4th-century BC Macedonian general

Amyntas (Ἀμύντας), son of Antiochus, was a Macedonian general, fugitive and traitor. As officer of Philip II, he and Amyntas (son of Perdiccas) were awarded proxenies by the Oropians in Boeotia before 338 BC. After the death of Philip II, Amyntas fled from Macedonia. Arrian (p. 17, f.) ascribes his flight from Macedonia to his hatred and fear of Alexander the Great; the ground of these feelings is not stated, but Mitford (ch. 44. sect. 1) connects him with the plot of Pausanias of Orestis and the murder of Philip.

He took refuge in Ephesus under Persian protection; whence, however, after the battle of the Granicus, fearing the approach of Alexander, he escaped with the Greek mercenaries who garrisoned the place, and fled to the court of Darius III. In the winter of the same year, 333 BC, while Alexander was at Phaselis in Lycia, discovery was made of a plot against his life, in which Amyntas was implicated. He appears to have acted as the channel through whom Darius had been negotiating with Alexander of Lyncestis, and had promised to aid him in mounting the Macedonian throne on condition of assassinating Alexander. The design was discovered through the confession of Asisines, a Persian, whom Darius had despatched on a secret mission to the Lyncestian, and who was apprehended by Parmenion in Phrygia.
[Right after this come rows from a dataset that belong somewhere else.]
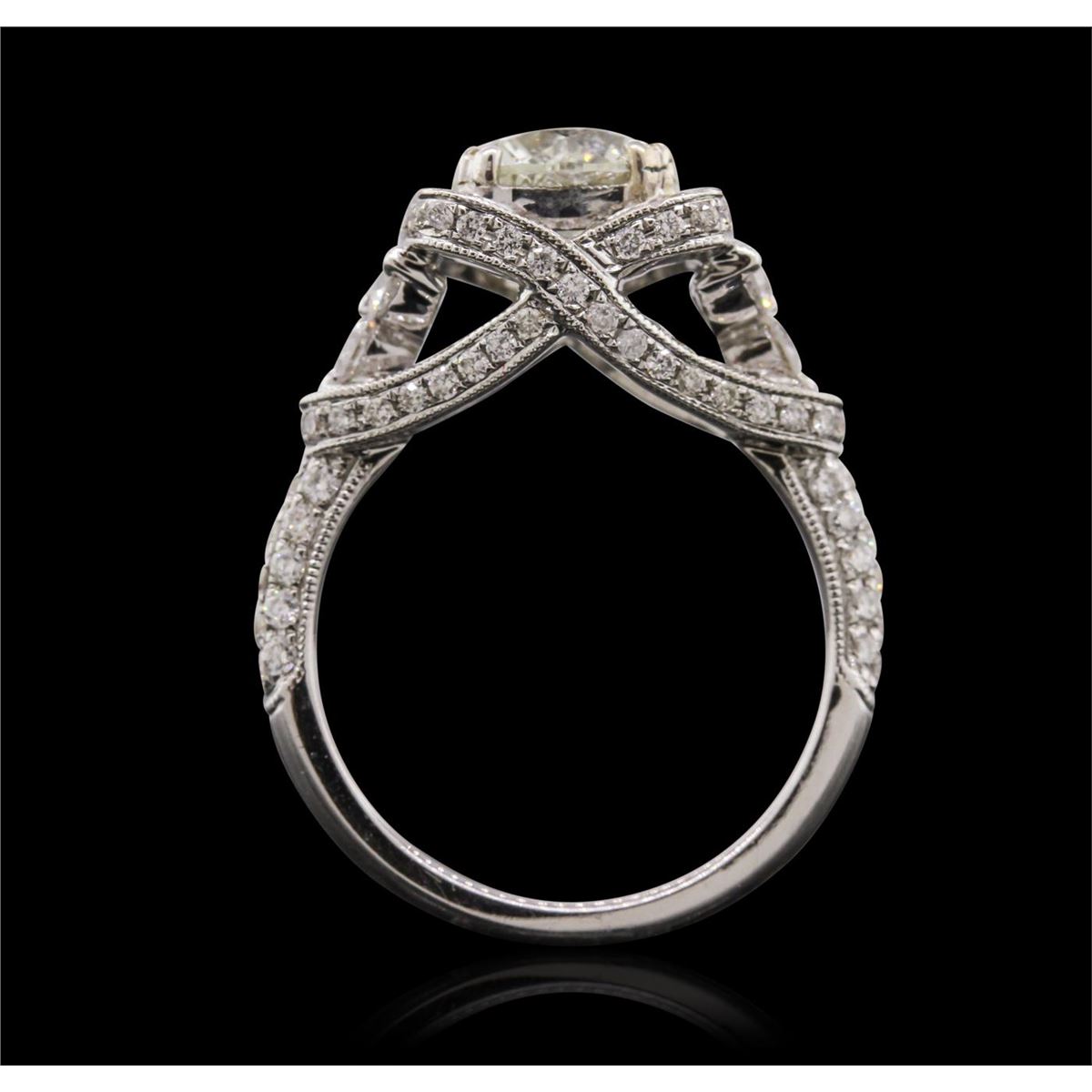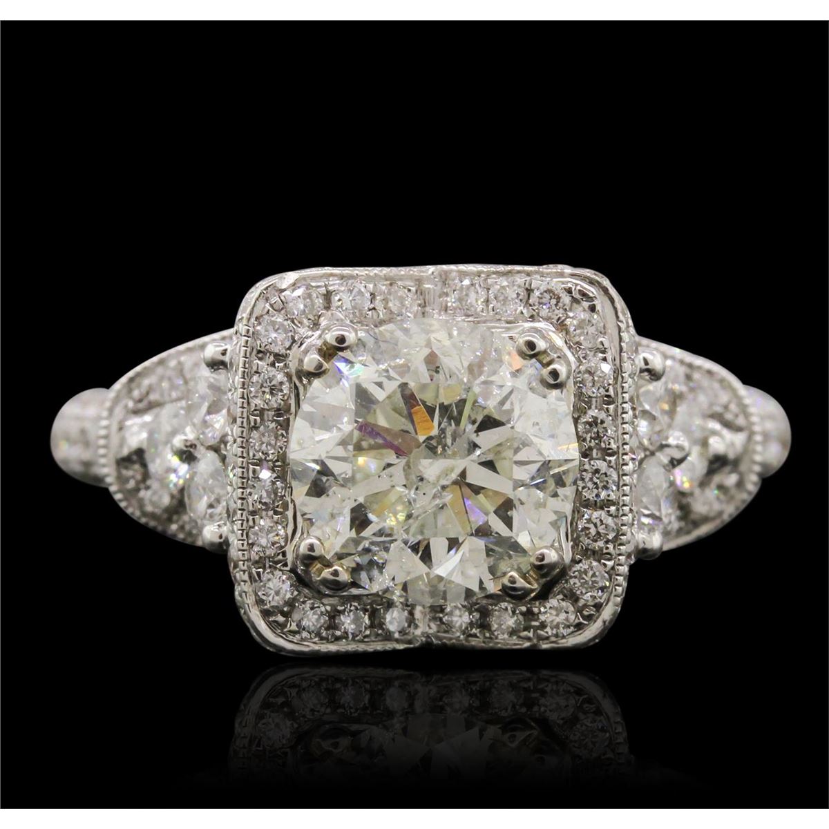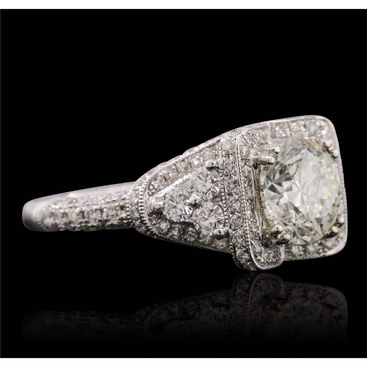 One electronically tested 18KT white gold Ladies combination cast & assembled engagement ring with a bright polish finish. Condition is new. Identified with markings of "18K". Containing: One prong set round brilliant cut diamond, measuring 7.70 - 7.60 x 5.00mm (depth est.) approximate weight of 1.79ct. Clarity: I-1. Color: L, Cut is Good. Six prong set round brilliant cut diamonds, measuring 2.40 - 2.40 x 1.44mm (depth est.) approximate. Total Weight of 6 Stones = 0.30ct. Clarity: SI-2. Color: H - I, Cut is Good. One Hundred Forty-Six bead set round brilliant cut diamonds, measuring 1.20 - 1.20 x 0.72mm (depth est.) approximate. Total Weight of 146 Stones = 0.92ct. Clarity: I-1. Color: H - I, Cut is Good. Total Weight of Diamonds 3.01ct. Total Weight of Engagement Ring 7.30 grams. GGL Appraised at $31,765.00.
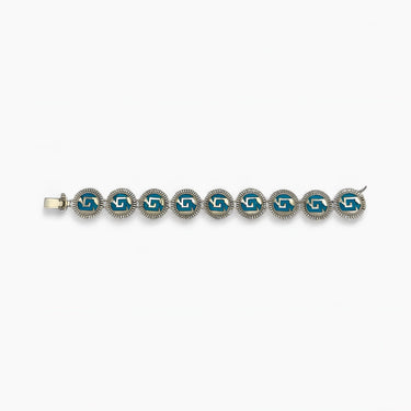The Turquoise Shield Link Bracelet by Oro de Monte Albán brings together tradition and symmetry through a series of handcrafted medallions. Each circular link features a stylized chimalli—the Aztec shield—framed by finely worked silver and filled with vibrant turquoise inlay. The repeating glyph creates a rhythm across the wrist, rooted in ancient symbolism yet refined in execution.This piece balances strength and elegance, honoring warrior iconography with artisanal polish. Ideal for everyday wear or as part of a statement jewelry collection, it embodies a legacy of cultural craftsmanship in every detail.
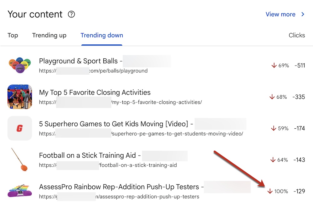Pages that lost 100% of clicks could have a technical glitch, requiring a quick “URL inspection” to confirm indexation.
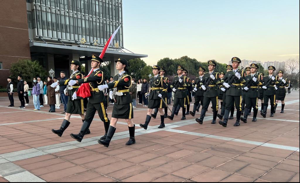 国旗仪仗队精神抖擞、昂首挺胸、步履铿锵,以最庄严的姿态护卫国旗。参加仪式的全体师生以饱满的热情、崭新的精神面貌,齐聚五星红旗之下,共同迎接2024年新学期的开始。
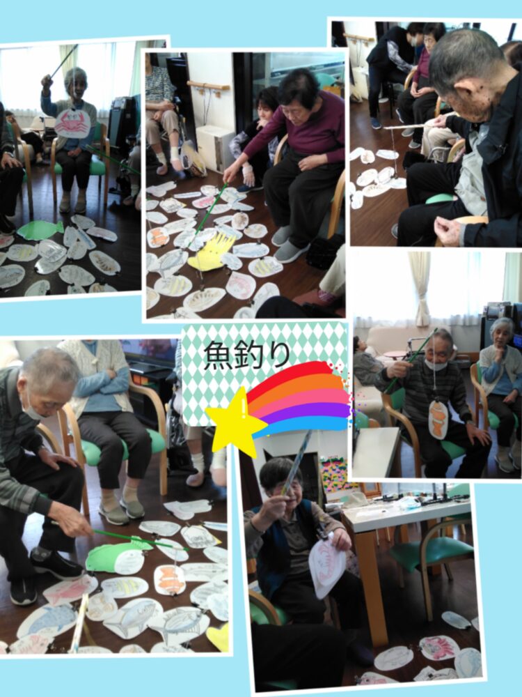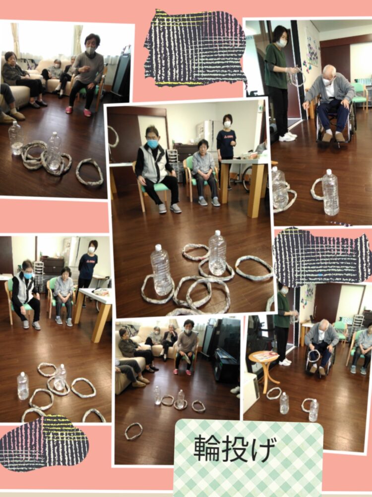 ペットボトルを使い、輪投げです。輪は利用者様とスタッフの共同作業で、新聞紙をねじって輪にしました。
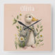 Rustic woodland little girl duck dressed in tattered flowered overcoat with floral accents all around. Faux pink background. Add your choice of name to personalise. Just so sweet.

At the battle of Issus we hear again of Amyntas as a commander of Greek mercenaries in the Persian service and Plutarch and Arrian mention his advice vainly given to Darius shortly before, to await Alexander's approach in the large open plains to the westward of Cilicia.

On the defeat of the Persians at the battle of Issus, Amyntas fled with a large body of Greeks to Tripolis (region of Phoenicia) along with Aristomedes of Pherae and others. There he seized some ships, with which he passed over to Cyprus, and thence to Egypt, of the sovereignty of which—a double traitor—he designed to possess himself. The gates of Pelusium were opened to him on his pretending that he came with authority from Darius : thence he pressed on to Memphis, and being-joined by a large number of Egyptians, defeated in a battle the Persian garrison under Mazaces. But this victory made his troops overconfident and incautious, and, while they were dispersed for plunder, Mazaces sallied forth upon them, and Amyntas himself was killed with the greater part of his men.